High-coverage Metamorphic Testing of Concurrency Support in C Compilers

Abstract

We present a technique and automated toolbox for randomized testing of C compilers. Unlike prior compiler-testing approaches, we generate concurrent test cases in which threads communicate using fine-grained atomic operations, and we study actual compiler implementations rather than abstract mappings. Our approach is (1) to generate test cases with precise oracles directly from an axiomatization of the C concurrency model; (2) to apply metamorphic fuzzing to each test case, aiming to amplify the coverage they are likely to achieve on compiler codebases; and (3) to execute each fuzzed test case extensively on a range of real machines. Our tool, C4, benefits compiler developers in two ways. First, test cases generated by C4 can achieve line coverage of parts of the LLVM C compiler that are reached by neither the LLVM test suite nor an existing (sequential) C fuzzer. This information can be used to guide further development of the LLVM test suite and can also shed light on where and how concurrency-related compiler optimizations are implemented.
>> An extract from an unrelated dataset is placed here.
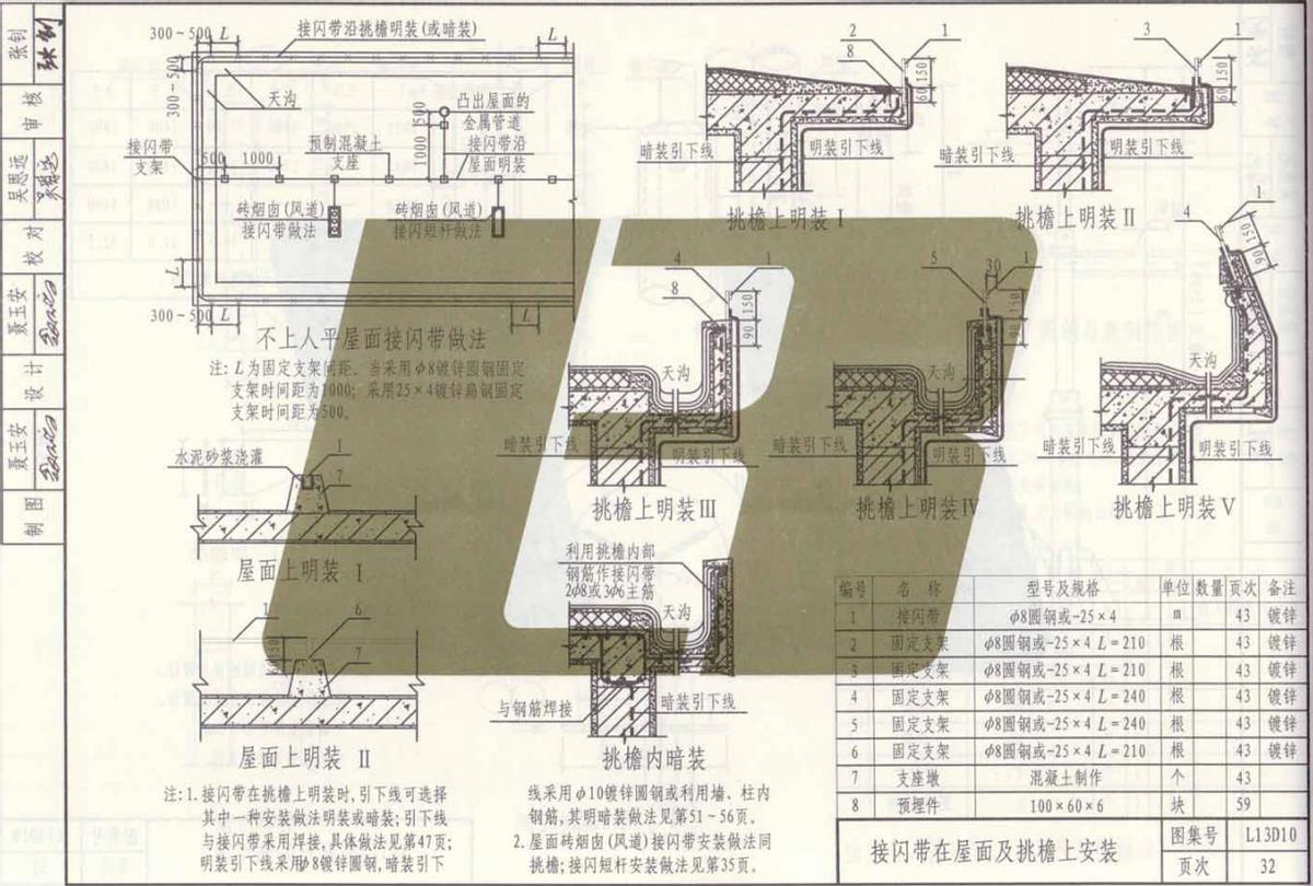 屋面避雷的做法及要點(diǎn)。屋面避雷的工程不僅要參照?qǐng)D紙?jiān)O(shè)計(jì)還要依據(jù)現(xiàn)場(chǎng)為準(zhǔn)。例如避雷網(wǎng)與突出屋面的金屬構(gòu)造物如污水管道、太陽(yáng)能、樓梯欄桿、爬梯等的連接就不在圖紙中。需要依據(jù)實(shí)際情況予以施工!避雷網(wǎng)的圓鋼允許與突出物進(jìn)行焊接及綁扎、卡接。所以在施工時(shí)不一定墨守成規(guī),在規(guī)定允許情況下減少用工。屋面避雷的做法一般有兩種,一種是明裝法,一種是扁鋼暗敷法。明裝管墅主要需要注意一下幾點(diǎn)。屋面欄桿、信號(hào)燈、污水排氣管道、太陽(yáng)能等外露的金屬構(gòu)件或者突出建筑造型處都應(yīng)該與避雷網(wǎng)牢靠焊接。這也是驗(yàn)收時(shí)候提出來(lái)的主要項(xiàng)目。再就是避雷網(wǎng)于建筑物轉(zhuǎn)角處不應(yīng)該直角轉(zhuǎn)彎,這在施工時(shí)候一般都可以避免。但是屋面避雷屬于建筑電氣中比較危險(xiǎn)的工作,所以為減少風(fēng)險(xiǎn)應(yīng)該保證焊接、防腐、粉刷一次到位。切勿出現(xiàn)多次返工或者質(zhì)量問(wèn)題。至于避雷帶安裝詳細(xì)可以參照?qǐng)D集做法。詳見(jiàn)圖集L04D501/L13D502等,基本上避雷接地圖集大同小異。當(dāng)?shù)厥褂玫闹睆?4長(zhǎng)度1.8米的避雷針嚴(yán)格意義只能是接閃器,用于保護(hù)突出的構(gòu)件免受雷擊。避雷針一般建筑中使用較少,基本達(dá)到滾球計(jì)算的要求。雖然只是個(gè)接閃器但是計(jì)算簽證時(shí)候也是不可缺少的項(xiàng)目,現(xiàn)場(chǎng)施工時(shí)候一定要明確標(biāo)注使用位置。

Second, C4 can be used to gain confidence that a compiler implements concurrency correctly. As evidence of this, we show that C4 achieves high strong mutation coverage with respect to a set of concurrency-related mutants derived from a recent version of LLVM and that it can find historic concurrency-related bugs in GCC. As a by-product of concurrency-focused testing, C4 also revealed two previously unknown sequential compiler bugs in recent versions of GCC and the IBM XL compiler.